That’s actually the impulse behind those things that you pointed out. I was having fun, and it was so important to have fun writing this book because a lot of the stories are actually quite sad and very serious. Yet, at the same time, I’m also trying to find the humor and the jokes and the ways that we survive psychologically and being playful on the page, but also in life is one of the ways that we survive terrible things.

Alison: Your parents had a convenience store in San Jose, and they worked seven days a week. What do you remember about the store? What did it smell like? What was the light like in the store?

Viet: Yes, it was a store in Downtown San Jose, and in Downtown San Jose in the ’70s and ’80s, no one wanted to be there. The Vietnamese refugees came in and they started revitalizing it through places like this store, the Sàigòn Mới. To me, it was just a little grocery store that smelled of jasmine rice because we had 50-pound sacks of rice stacked to the ceiling and had all these interesting odors, like spices that I didn’t understand. There were yellow strips of fly paper dangling from the ceiling, studded with flies.

The only language you heard in the store was Vietnamese because only Vietnamese people would shop at this store. The store was really an anchor of the Vietnamese refugee community. So many people from that time they have come up to me and said, “Yes, we shop there. That’s where we went to get our goods.” That’s how they reminded themselves of home by being able to cook the food that they knew. That’s what my parents were supplying, and I was fortunate that I didn’t have the stereotypical shopkeeper child’s story, which is that my parents actually didn’t make me work there very often.

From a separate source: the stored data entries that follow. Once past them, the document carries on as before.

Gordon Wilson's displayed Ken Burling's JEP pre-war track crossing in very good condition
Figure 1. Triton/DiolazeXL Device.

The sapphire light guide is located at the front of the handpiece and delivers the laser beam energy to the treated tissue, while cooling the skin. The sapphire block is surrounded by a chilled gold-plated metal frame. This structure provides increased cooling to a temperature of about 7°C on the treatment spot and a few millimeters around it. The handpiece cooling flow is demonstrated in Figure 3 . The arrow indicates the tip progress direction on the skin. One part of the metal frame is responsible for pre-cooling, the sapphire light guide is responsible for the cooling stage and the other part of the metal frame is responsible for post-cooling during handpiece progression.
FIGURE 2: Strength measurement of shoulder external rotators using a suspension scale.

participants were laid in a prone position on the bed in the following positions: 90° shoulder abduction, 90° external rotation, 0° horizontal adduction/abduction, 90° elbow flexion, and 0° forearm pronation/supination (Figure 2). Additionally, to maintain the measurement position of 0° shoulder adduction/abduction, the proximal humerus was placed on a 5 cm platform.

I worked there enough so that I didn’t realize I don’t want to be here. Their ambition was for my brother and I to go to school, get an education, and do something else besides being shopkeepers, which is how they sacrificed themselves for us and for everyone else in Vietnam that they were sending money home to.

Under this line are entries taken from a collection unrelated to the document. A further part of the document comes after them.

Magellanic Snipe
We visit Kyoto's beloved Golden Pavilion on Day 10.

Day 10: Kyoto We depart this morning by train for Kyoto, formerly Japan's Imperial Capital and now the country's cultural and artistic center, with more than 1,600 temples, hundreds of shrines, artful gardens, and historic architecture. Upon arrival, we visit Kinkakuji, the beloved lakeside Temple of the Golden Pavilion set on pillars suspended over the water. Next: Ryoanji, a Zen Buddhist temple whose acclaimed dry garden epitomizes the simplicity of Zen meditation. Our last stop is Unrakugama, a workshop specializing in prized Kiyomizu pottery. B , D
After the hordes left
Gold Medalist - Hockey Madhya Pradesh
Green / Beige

Alison: If you look back and you think about it, honestly, aside from not wanting to do work, did you want to be in the store?

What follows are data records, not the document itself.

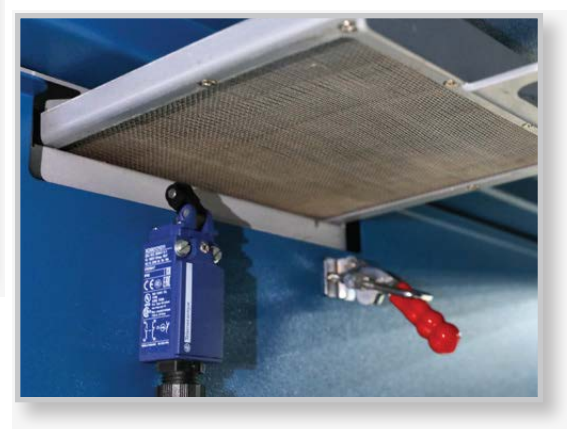
Easy-to-reach filters, belt replacement & lubrication points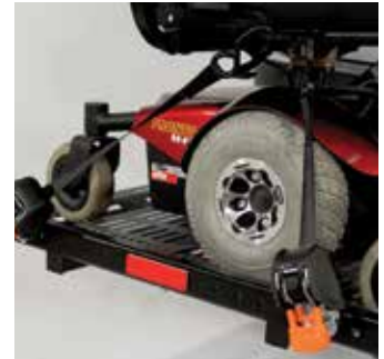
Retractable belt securement for powerchairs/scooters (ASL-250B).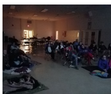
Lights out as movie-goers enjoy "Big Miracle" at Corbaley Hall.

Our last movie night featuring "Big Miracle" drew a big crowd and was a great night out for our families. We had a potluck-style dinner to start, and we all enjoyed delicious meatballs, mac and cheese, chili, and fried chicken. Yum! The movie was really enjoyable, and we are looking forward to doing it all again!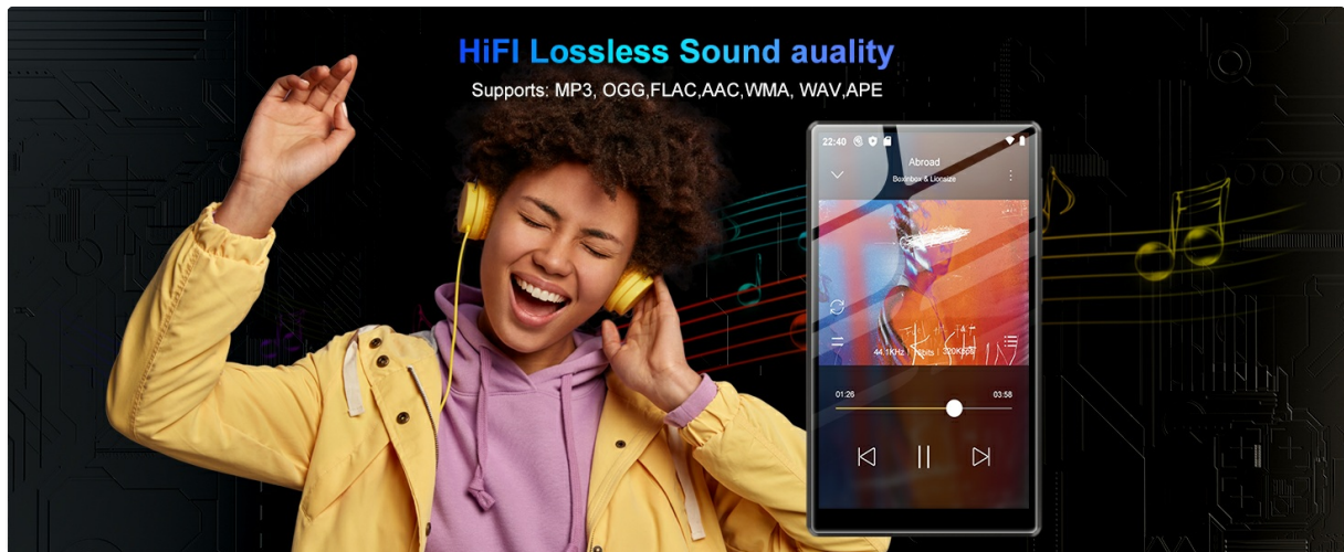
Image: Enjoying music with the SWOFY D26 MP3 Player.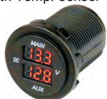
SF50889 Dual Voltmeter: 10~60V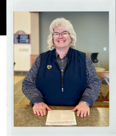
By Twila Schmitt

During the years I've worked here, I've experienced various comfort levels from people asking to be included in the prayers of the church. Some folks don't want others to know what they are going through.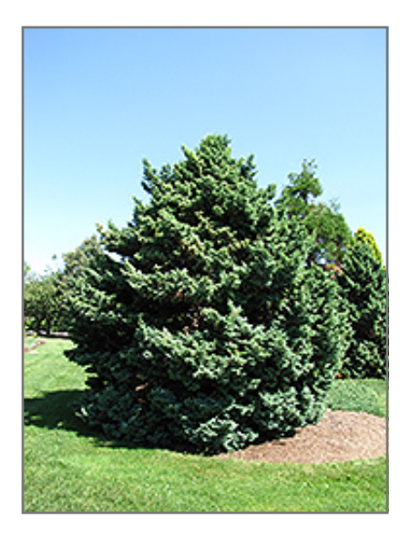
Boulevard Falsecypress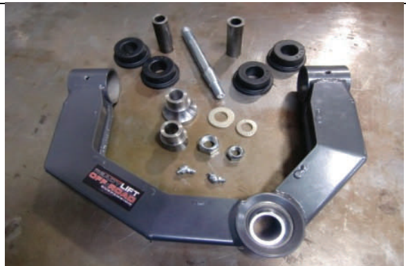
Assemble your new OFF-Road Series UCA with hardware kit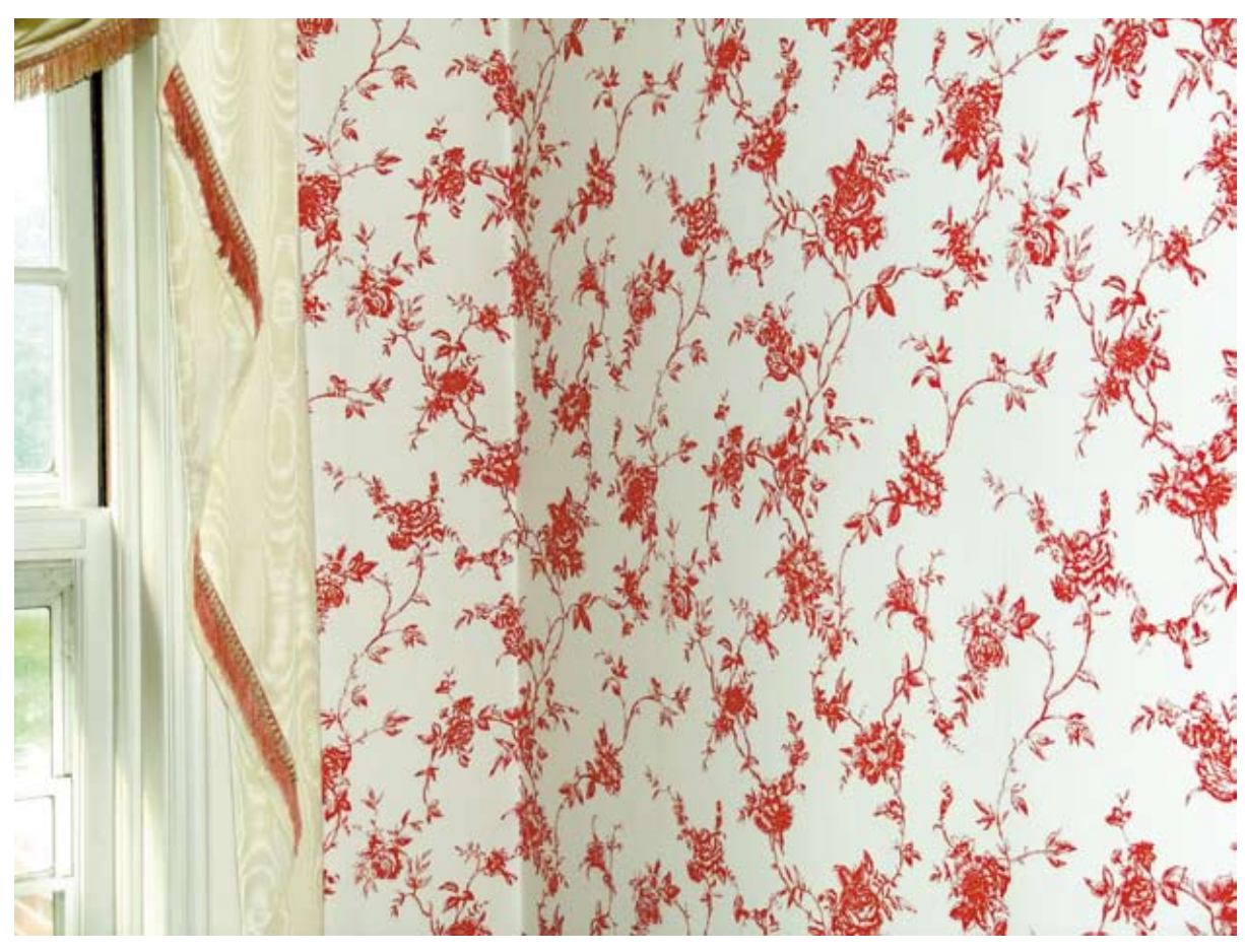
campus, lake forest

Viet: No, no, I didn’t want to be in the store. I mean, the store to me was this alien space because I was growing up as an American. I was eating American food. I was watching Leave It to Beaver, and I was like, “Oh, yes, people eat mashed potatoes and roast beef or whatever at home.” Then you go to the store and it is all of to this little boy, all these alien things that Americans didn’t eat and didn’t buy. To me, it was a place of arduous sacrifice and strangeness. It was the place that was kidnapping my parents away from me because they were working there out of love for their family, but ironically that meant they couldn’t spend time with me, and so it was a very sad space for me.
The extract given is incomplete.